- _EXERCISE AIM_
Nothing but the lines from the one with "駅舎に並んで足湯が整備されています。付近に温泉街があるわけではないのですが。 | ||||||||||||||||" through the final line of the entries should appear in the answer, copied exactly and without pictures.
== Segment start ==
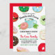Eine skurrile Sammlung von Urlaubspendern und eine Tasse heißen Kakao umrahmt diese Feier-Einladung. Weihnachtsgürtel, Weihnachtsbeleuchtung, Schneeflocken und festliche Farben, Marshmallows und Sprinklen
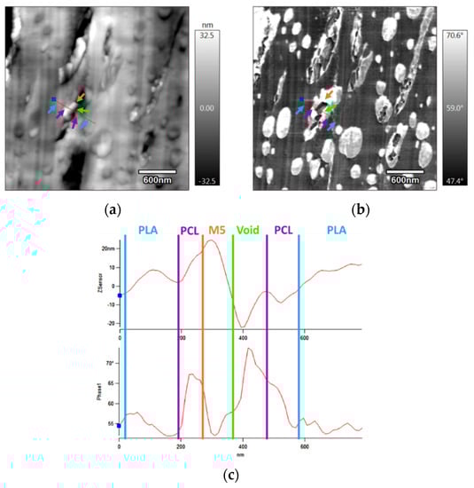 (a) AFM topography; (b) AFM phase images of the PLA/PCL/10 wt.% M5 injection-moulded sample; (c) topography and phase profiles on a drawn red line that is traced in (a,b) (the fleshes in the images point towards the different components of the composite and their colours match the designation of the peaks in the profiles).
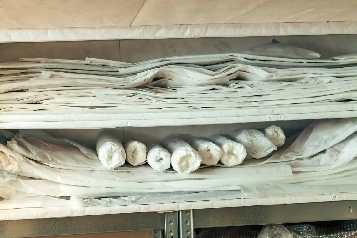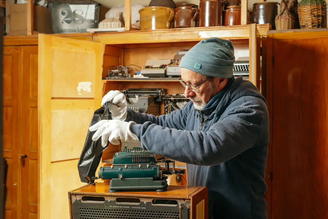 Auch wenn das Hauptaugenmerk auf empfindlichem Textil liegt, wird der Blick auf die gesamte Depotsituation bewahrt. Von Schreibmaschinen über archäologische Artefakte bis hin zu Fotos und historischen Geschäftsausstattungen ist hier vieles zu finden. „Für mich sind alle Objekte wichtig“, sagt Christoph Melichar.
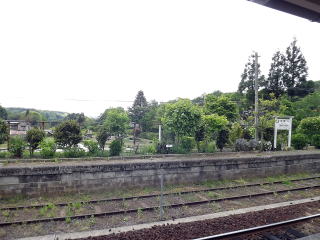 | 駅前は大きな広みがあり、大きなロータリーとその脇に駐車場が整備されていました。現在は駐車場を含む駅前の一部を緑化した「逆開発」が行なわれています。 | 駅舎に並んで足湯が整備されています。付近に温泉街があるわけではないのですが。 | ||||||||||||||||
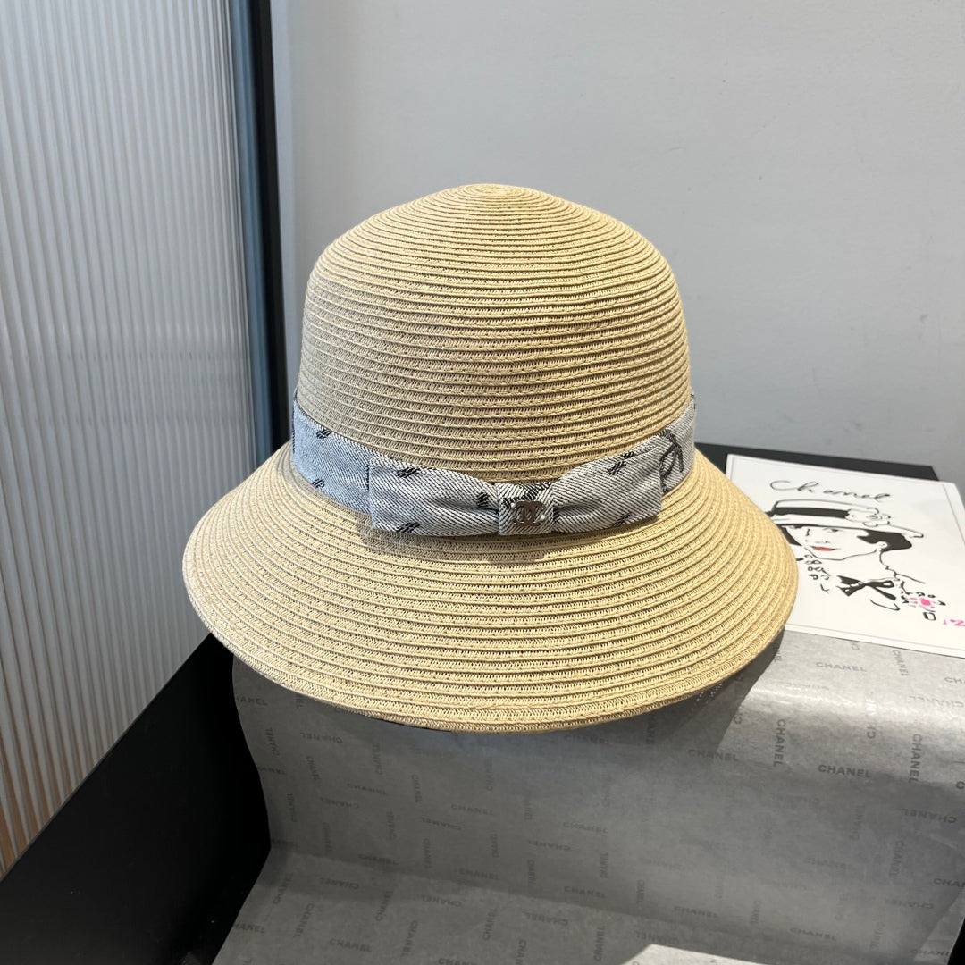 STRAW BUCKET HAT IN BEIGE WITH RIBBON BOW 673979
== Segment end ==
- _ANSWER TO THE PROBLEM_
 | 駅前は大きな広みがあり、大きなロータリーとその脇に駐車場が整備されていました。現在は駐車場を含む駅前の一部を緑化した「逆開発」が行なわれています。 | 駅舎に並んで足湯が整備されています。付近に温泉街があるわけではないのですが。 | ||||||||||||||||
 STRAW BUCKET HAT IN BEIGE WITH RIBBON BOW 673979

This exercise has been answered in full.